● **Requirement**: Type out the lines below exactly, from the first through the line holding "Livestock herders found", and include no pictures.

● **Provided material**:
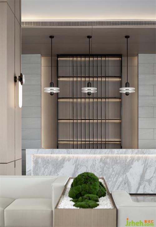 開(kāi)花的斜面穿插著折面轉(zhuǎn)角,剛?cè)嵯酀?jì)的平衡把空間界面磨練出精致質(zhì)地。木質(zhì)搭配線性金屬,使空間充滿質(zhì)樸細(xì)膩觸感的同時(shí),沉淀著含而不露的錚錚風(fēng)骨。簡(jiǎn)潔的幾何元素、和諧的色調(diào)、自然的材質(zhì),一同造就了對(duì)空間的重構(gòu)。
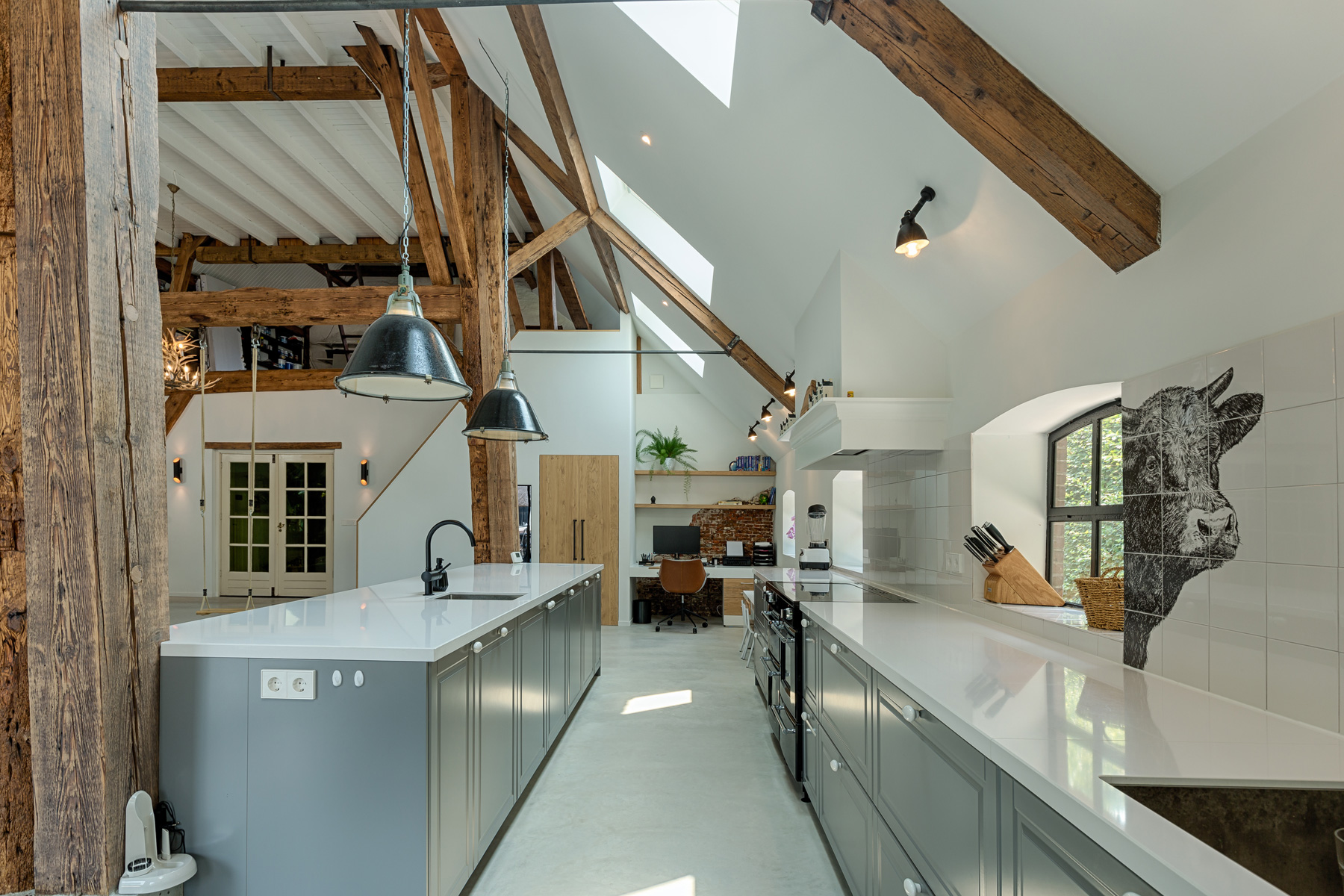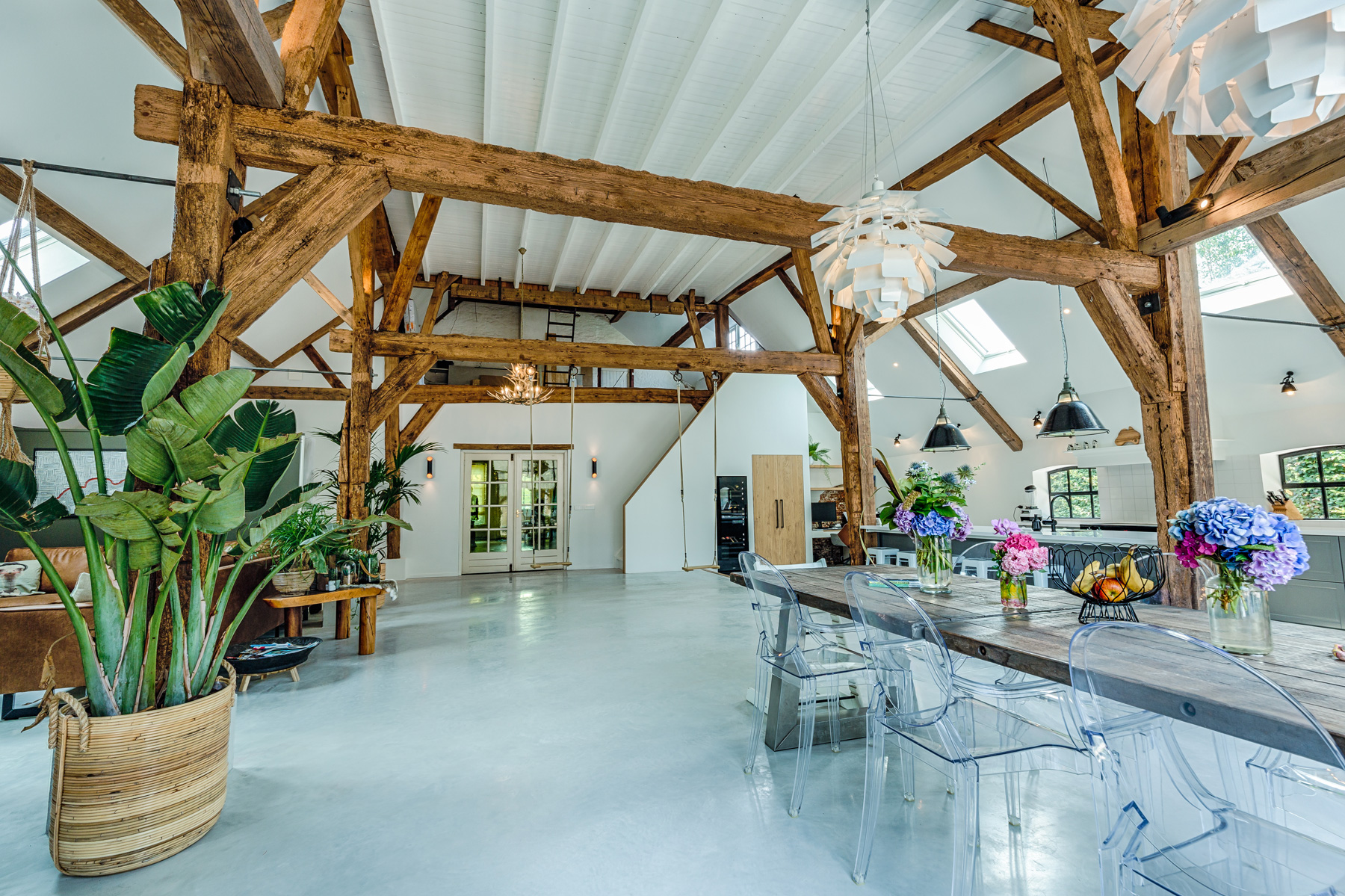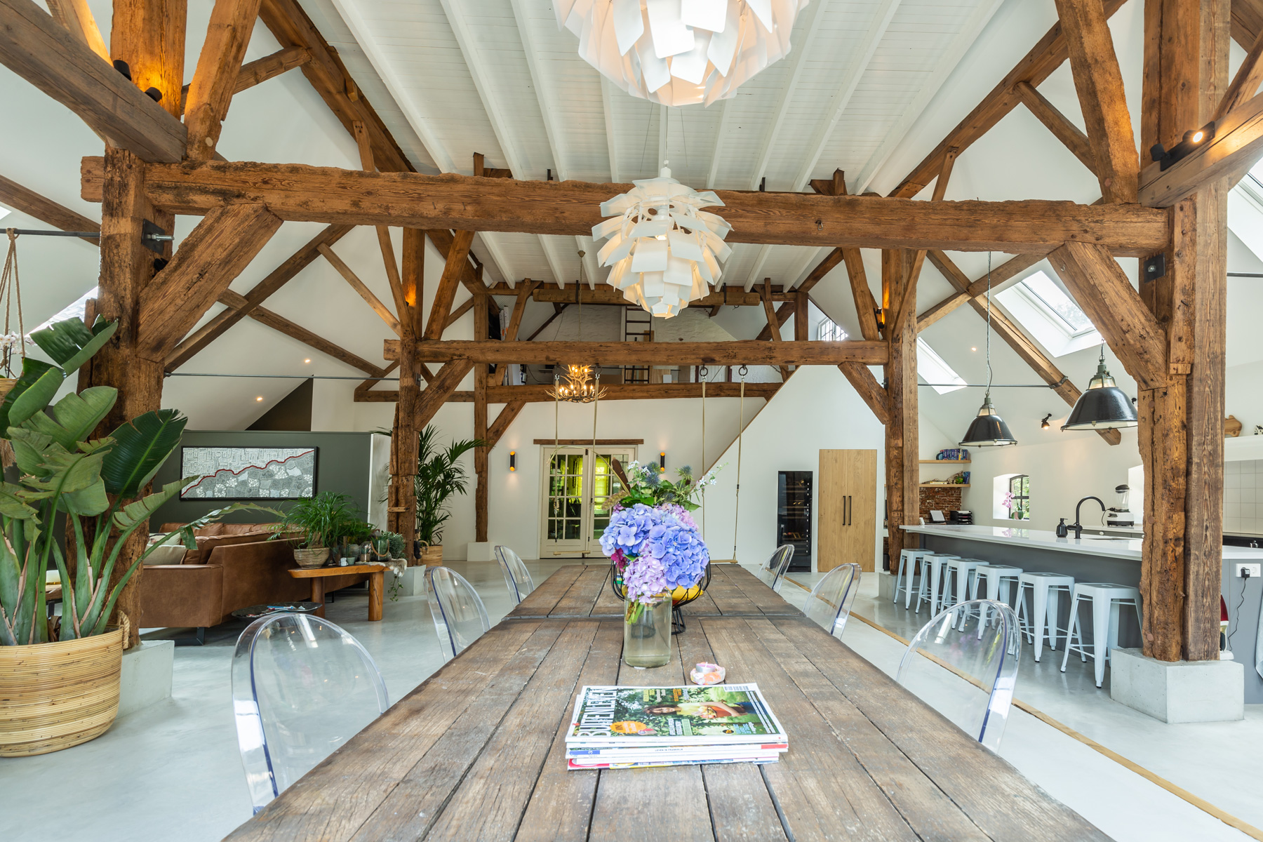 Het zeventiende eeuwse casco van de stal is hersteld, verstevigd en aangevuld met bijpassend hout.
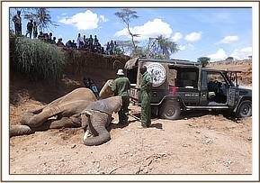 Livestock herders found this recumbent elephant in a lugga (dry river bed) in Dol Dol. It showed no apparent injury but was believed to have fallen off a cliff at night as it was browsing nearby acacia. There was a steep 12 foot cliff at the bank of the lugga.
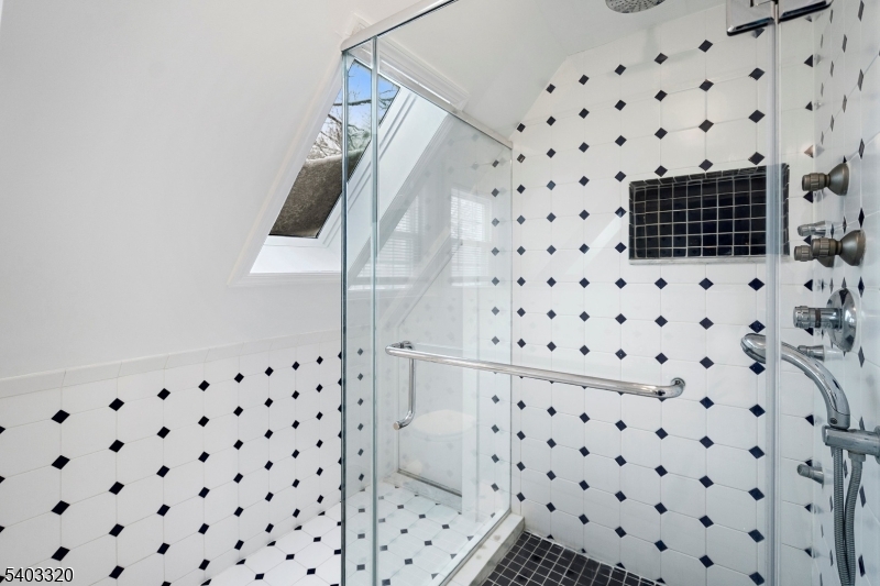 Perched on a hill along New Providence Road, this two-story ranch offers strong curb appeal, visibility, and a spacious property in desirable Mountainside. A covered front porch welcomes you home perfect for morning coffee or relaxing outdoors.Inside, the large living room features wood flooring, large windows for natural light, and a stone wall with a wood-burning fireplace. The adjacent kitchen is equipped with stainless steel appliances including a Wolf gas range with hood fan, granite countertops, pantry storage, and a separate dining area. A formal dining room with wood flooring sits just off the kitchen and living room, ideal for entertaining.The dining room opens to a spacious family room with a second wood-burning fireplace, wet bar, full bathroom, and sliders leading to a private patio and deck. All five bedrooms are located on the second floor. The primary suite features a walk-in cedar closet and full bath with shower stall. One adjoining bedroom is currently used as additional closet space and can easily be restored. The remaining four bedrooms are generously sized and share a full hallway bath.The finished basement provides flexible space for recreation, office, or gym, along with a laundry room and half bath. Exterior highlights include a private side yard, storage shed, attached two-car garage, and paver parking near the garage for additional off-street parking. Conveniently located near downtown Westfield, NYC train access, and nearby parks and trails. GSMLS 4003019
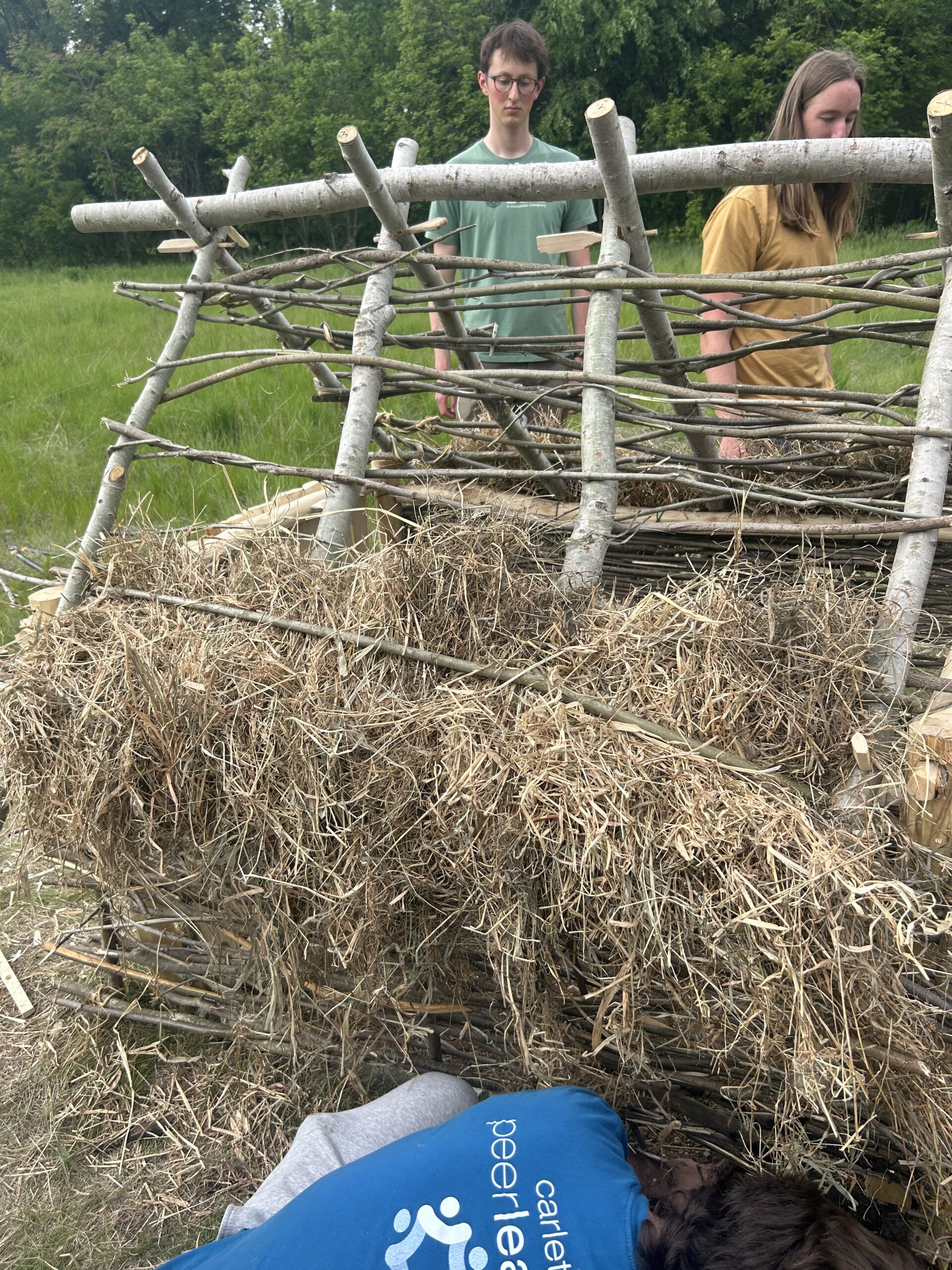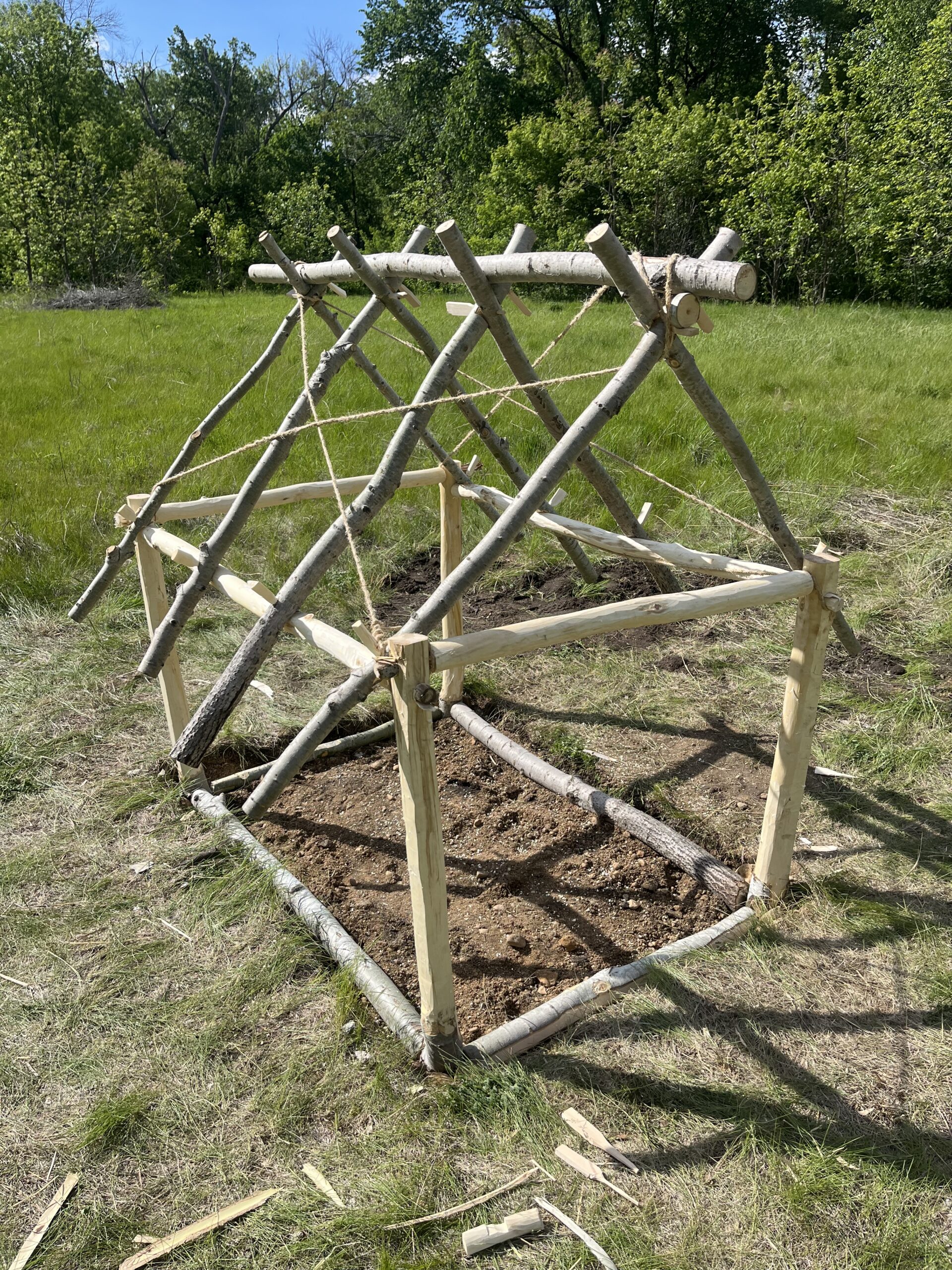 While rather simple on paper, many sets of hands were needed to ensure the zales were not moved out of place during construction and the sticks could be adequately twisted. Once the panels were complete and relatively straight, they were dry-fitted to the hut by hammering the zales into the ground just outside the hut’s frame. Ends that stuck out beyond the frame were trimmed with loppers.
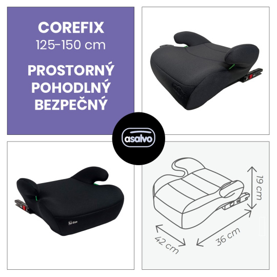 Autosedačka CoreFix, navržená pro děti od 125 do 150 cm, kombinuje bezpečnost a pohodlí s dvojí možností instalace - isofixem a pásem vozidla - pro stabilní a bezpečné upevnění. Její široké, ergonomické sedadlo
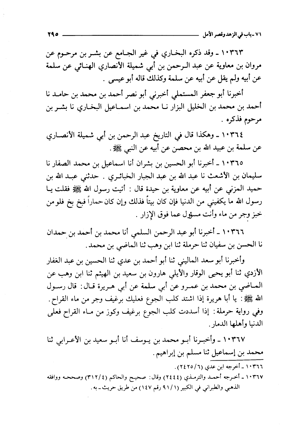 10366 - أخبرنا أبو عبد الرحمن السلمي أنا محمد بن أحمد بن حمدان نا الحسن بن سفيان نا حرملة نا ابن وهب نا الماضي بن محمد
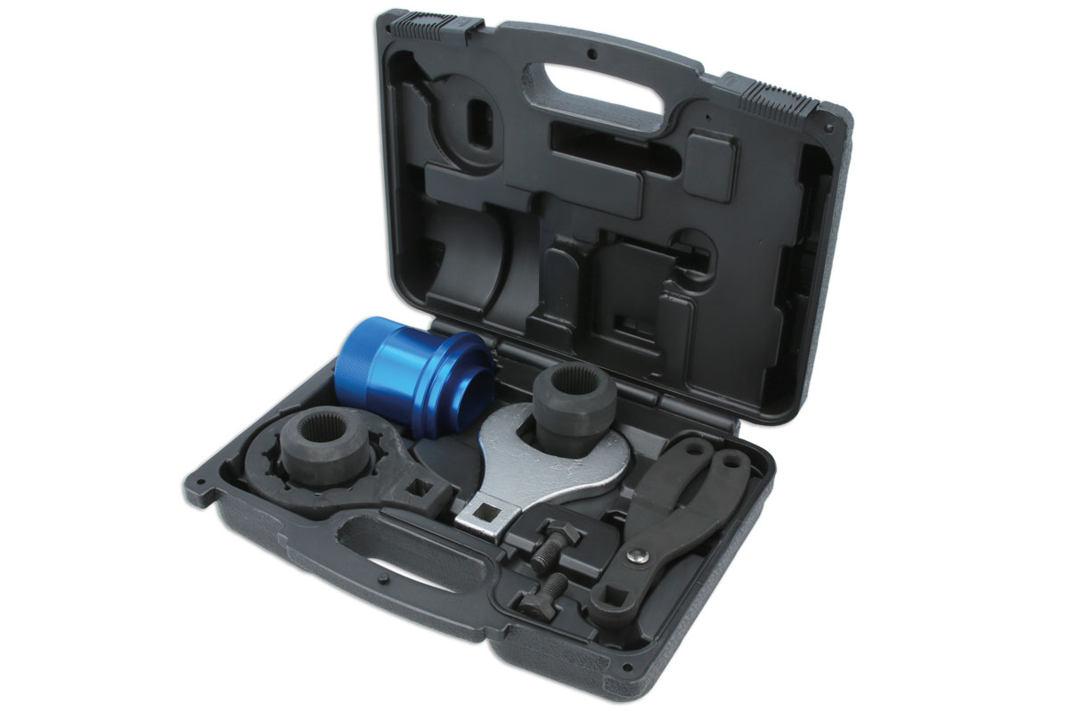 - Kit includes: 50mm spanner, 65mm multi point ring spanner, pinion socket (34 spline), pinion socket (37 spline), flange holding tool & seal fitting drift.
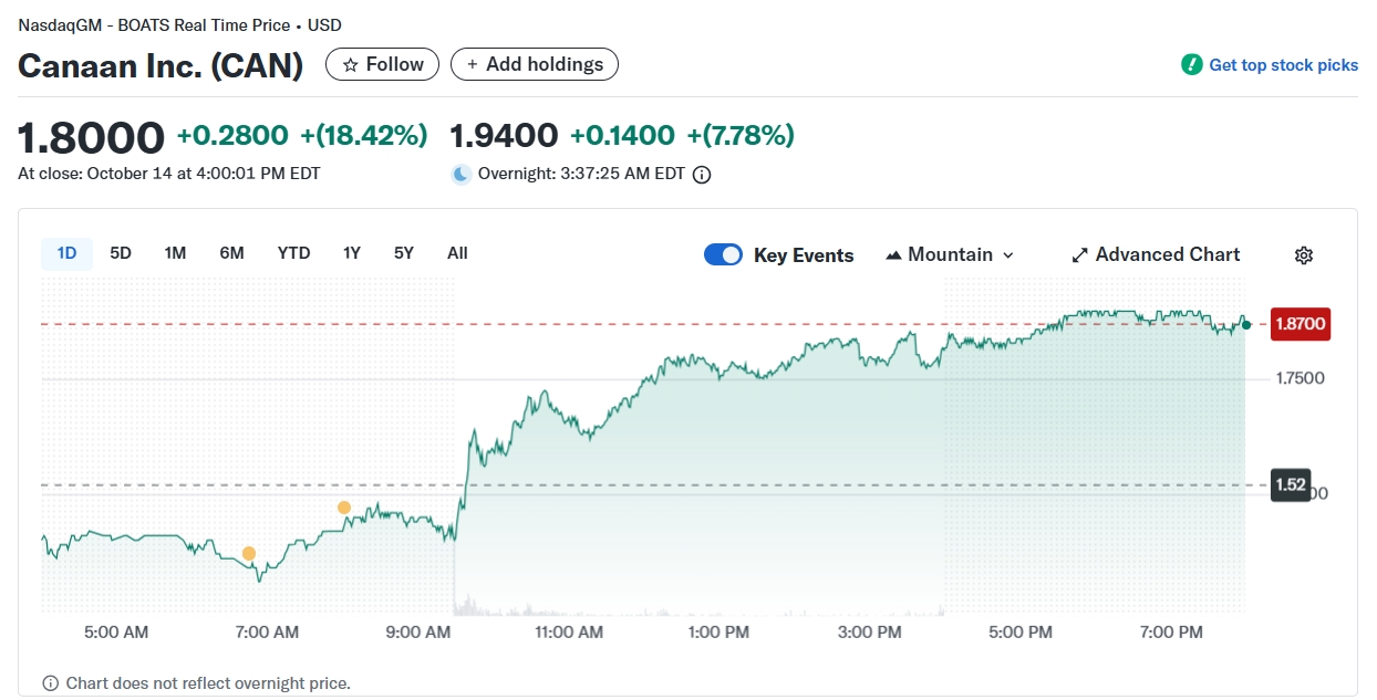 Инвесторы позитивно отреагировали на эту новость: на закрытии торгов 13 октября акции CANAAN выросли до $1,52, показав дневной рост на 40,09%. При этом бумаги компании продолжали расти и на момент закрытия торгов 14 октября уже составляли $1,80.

● **Exercise result**:
 開(kāi)花的斜面穿插著折面轉(zhuǎn)角,剛?cè)嵯酀?jì)的平衡把空間界面磨練出精致質(zhì)地。木質(zhì)搭配線性金屬,使空間充滿質(zhì)樸細(xì)膩觸感的同時(shí),沉淀著含而不露的錚錚風(fēng)骨。簡(jiǎn)潔的幾何元素、和諧的色調(diào)、自然的材質(zhì),一同造就了對(duì)空間的重構(gòu)。
 Het zeventiende eeuwse casco van de stal is hersteld, verstevigd en aangevuld met bijpassend hout.
 Livestock herders found this recumbent elephant in a lugga (dry river bed) in Dol Dol. It showed no apparent injury but was believed to have fallen off a cliff at night as it was browsing nearby acacia. There was a steep 12 foot cliff at the bank of the lugga.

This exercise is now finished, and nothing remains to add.